Please use this identifier to cite or link to this item: http://hdl.handle.net/11455/4985
標題: 加氯量對自來水不鏽鋼管線生物膜消長影響之研究
The effect of different chlorine levels in controlling bioflm formation on stainless steel surfaces in distribution systems
作者: 蔡長憲
Tasi, Chang-Hsien
關鍵字: biofilm;生物膜;drinking water;distribution system;自來水;配水管線
出版社: 環境工程學系
摘要: 
隨著科技的進步,依目前的淨水處理技術而言,水源經過淨水廠處理後的出流水,大都能夠符合自來水法規標準,然而在民眾的反應上,對於自來水水質滿意度方面,卻不甚理想。造成此現象主要是因為自來水經常在輸送的過程中,受到二次污染所致。而生物性污染一直被公認為是配水管線二次污染最主要的問題,其中更以生物膜累積的問題最嚴重且難以解決。
本研究的目的即在探討不同加氯濃度對自來水不鏽鋼管線生物膜生長的影響。研究中採用異營菌平板計數、ATP biomass、濾膜法測大腸菌以及菌種的分離及觀察等方法,同時配合模式模擬,評估加氯對於管線生物膜消長的影響,作為未來自來水廠控制微生物污染的參考依據。
由試驗結果顯示,在異營菌計數方面,不加氯的情況下,培養14週後生物膜密度可達最大值8.7×105 CFU/cm2,且隨著培養時間增長,生物膜會愈趨於穩定。在加氯的試程中,高加氯濃度對生物膜累積的速率比低濃度慢,但隨著培養時間的增加會愈接近。在ATP biomass方面,不加氯情況下平均生物膜形成速率(biofilm formation rate, BFR)為325.2 ATP pg/cm2day,低加氯濃度與高濃度試程則分別為159及118.4 ATP pg /cm2day。在大腸菌方面,加氯對大腸菌的抑制作用僅開始培養時有效,而不同加氯濃度在抑制大腸菌效果上,並無明顯差異。另外,在菌種分離方面,生物膜中分離出的菌種種類較原水中多,且以革藍氏陰性桿菌居多。

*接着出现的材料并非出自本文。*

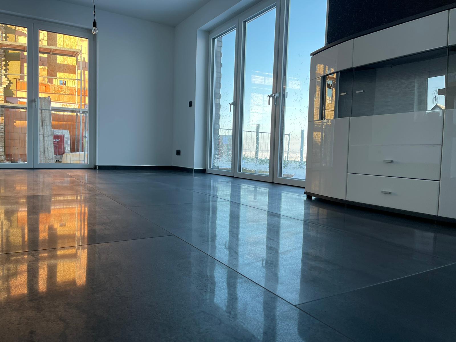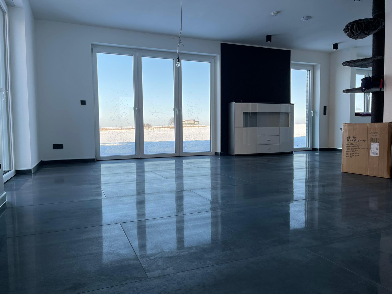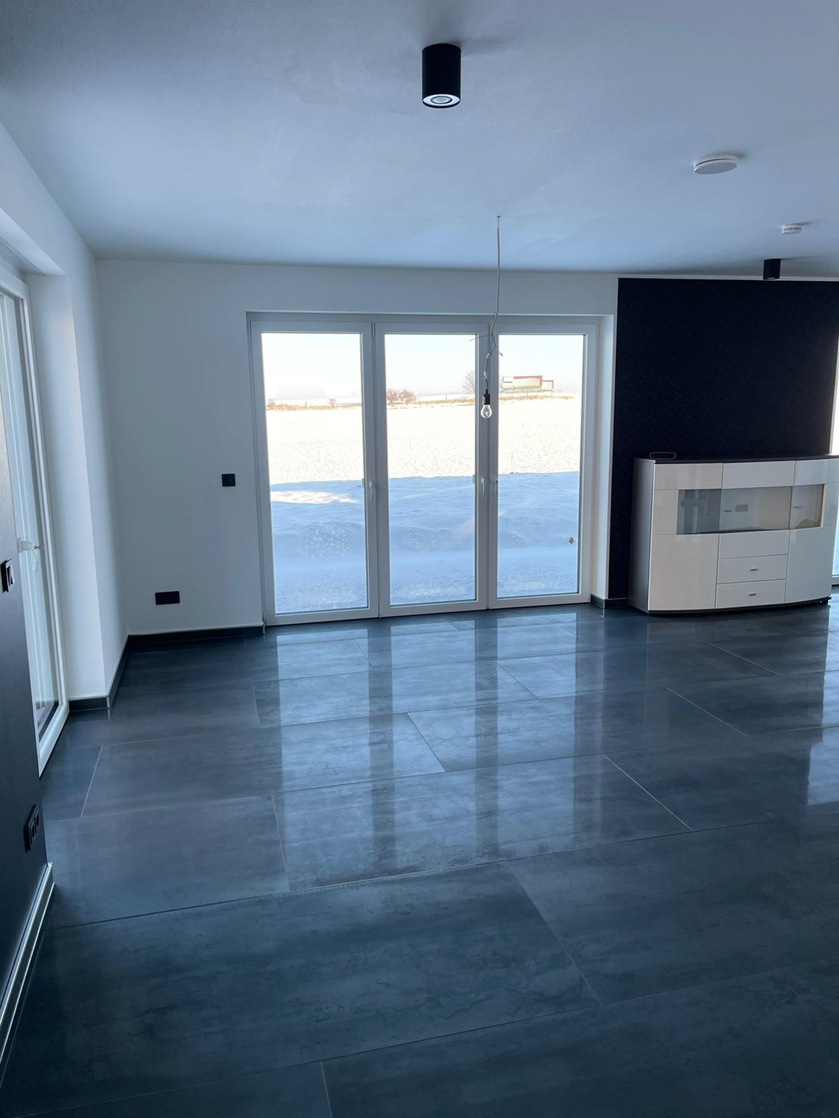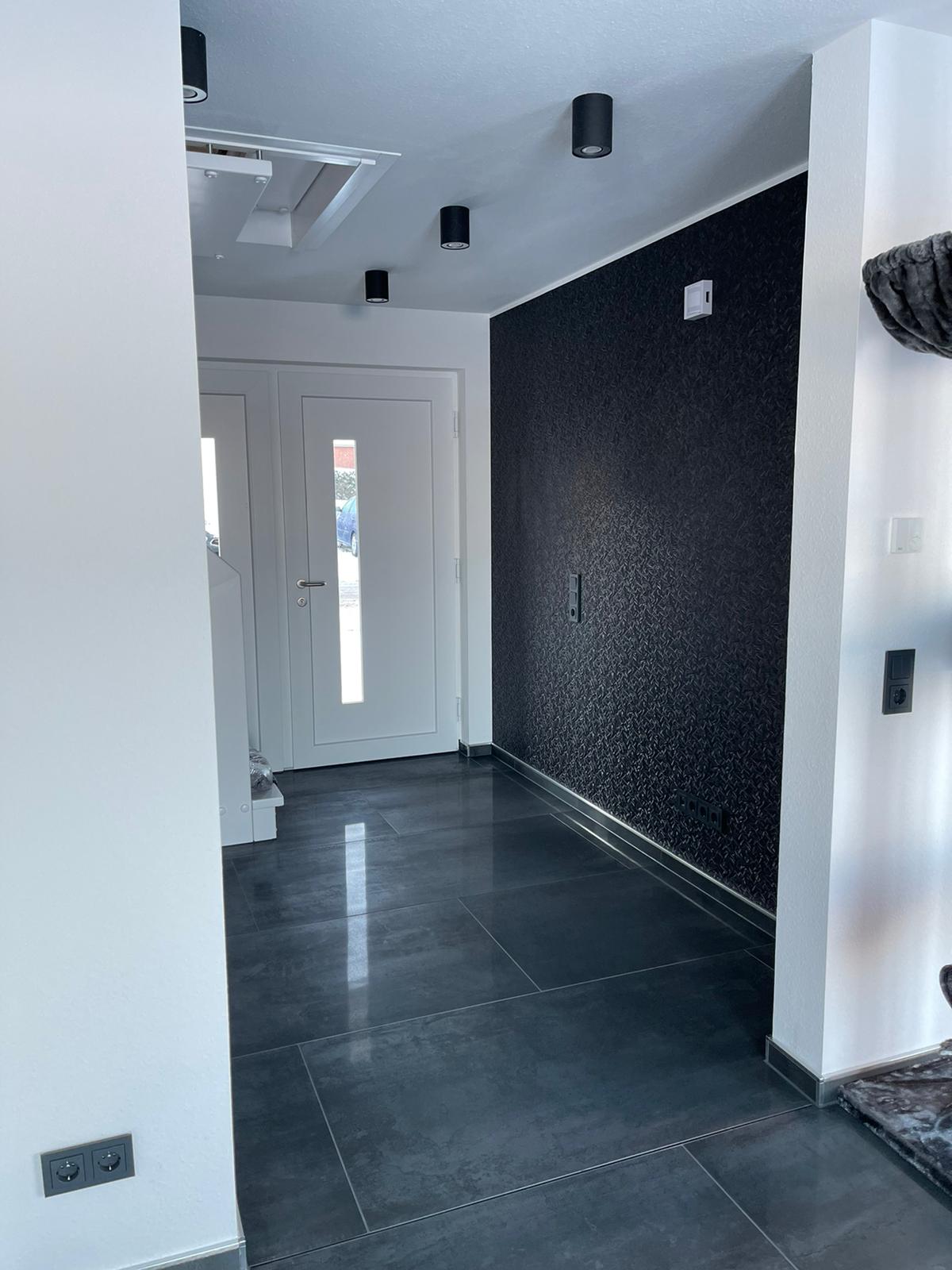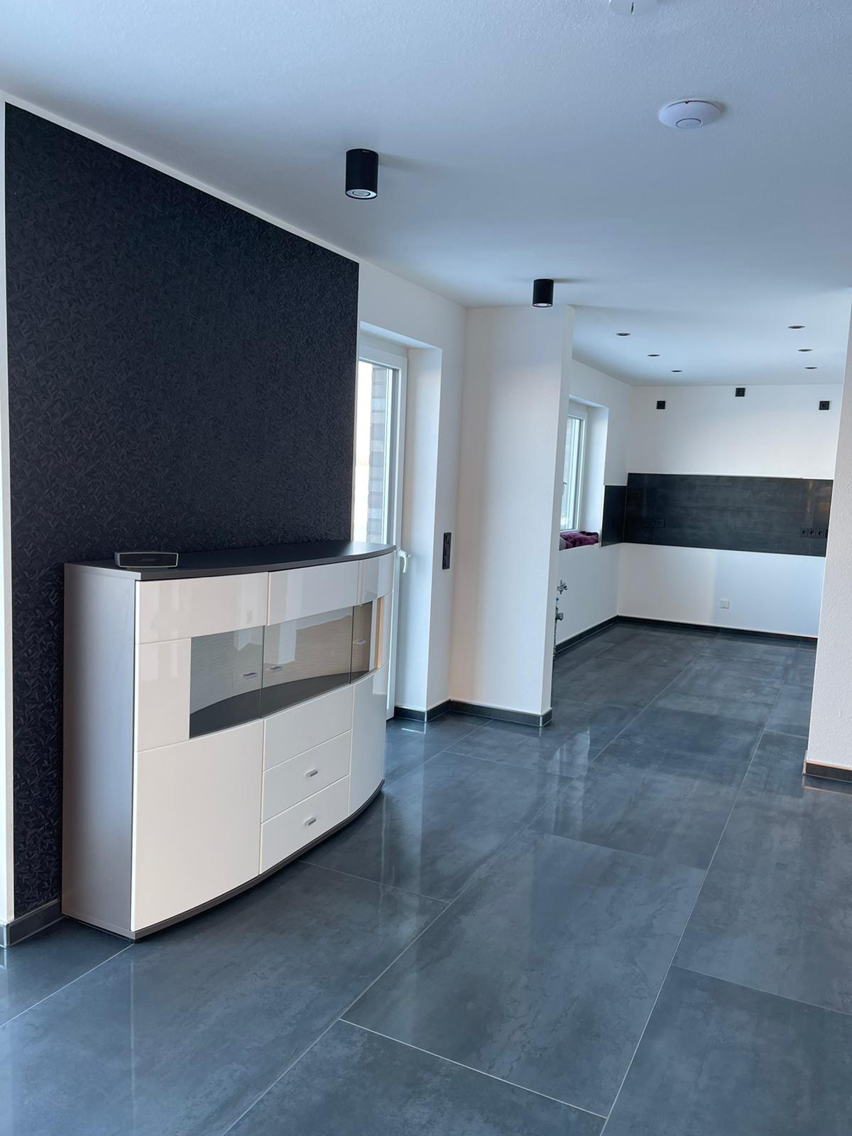 Für einen Privatkunden haben wir Großformat- Fliesen im kompletten Erdgeschoss mit Marazzi 150*75 cm Feinsteinzeug verlegt.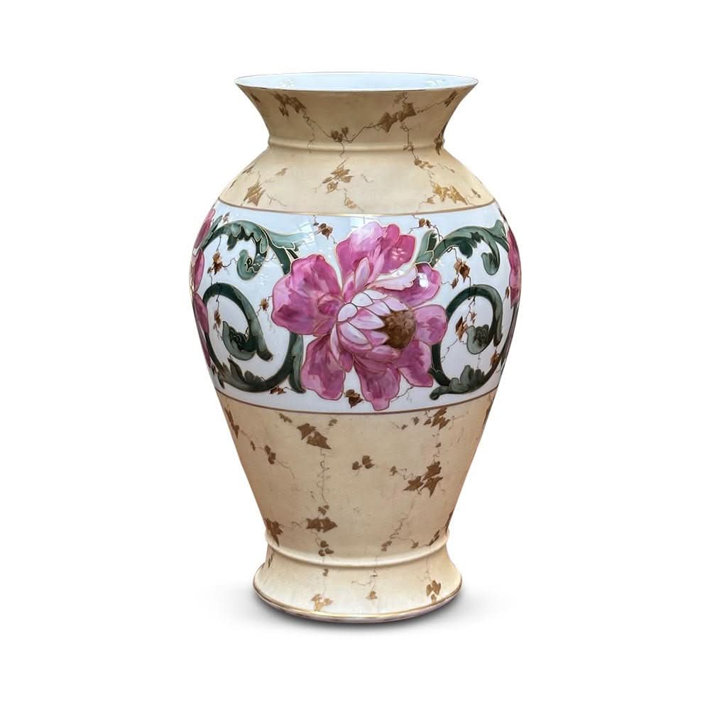 A great sized Limoges vase, perfect for your large blooms. This lovely vase is glazed in ivory and gold and features a floral design banding on a white background.

由模式模擬的結果顯示,本研究所建立的模式能夠有效地模擬生物膜中附著性微生物的消長情形。由不同進流條件模擬方面,隨著自來水進流餘氯濃度的降低、懸浮性細菌濃度的增加、DOC與BDOC濃度的增加,配水管線中附著性細菌的密度會隨之增高。在靈敏度分析方面,隨著細菌對基質的利用速率及轉換率提高、自然死亡速率減慢、附著性細菌對氯殺菌力的阻抗作用增大,附著性細菌的密度會隨之愈大,生長至穩定所需的時間也愈長。

Generally speaking , most the effluents of the water treatment plant can fill drinking water prescripts now . But it is frequent that consumers complain the quality of drinking water . According to the references , this phenomenon results from the recontamination of transport processes . And biological contamination is regarded as the primary problem , furthermore the problem of biofilm accumulation is especially tough and difficult to be treated .
The purpose of this research is to study the effect of different chlorine levels in controlling bioflm formation on stainless steel surfaces in distribution systems . For evaluating the effect of chlorination , including heterotrophic plate counts , ATP biomass analysis , coliform measurement with membrance method and separation and observation of biofilm bacteria was applied to the experiment , then a water quality model was used to simulate the result all together . Furthermore the results can apply to the operation of the water treatment industries .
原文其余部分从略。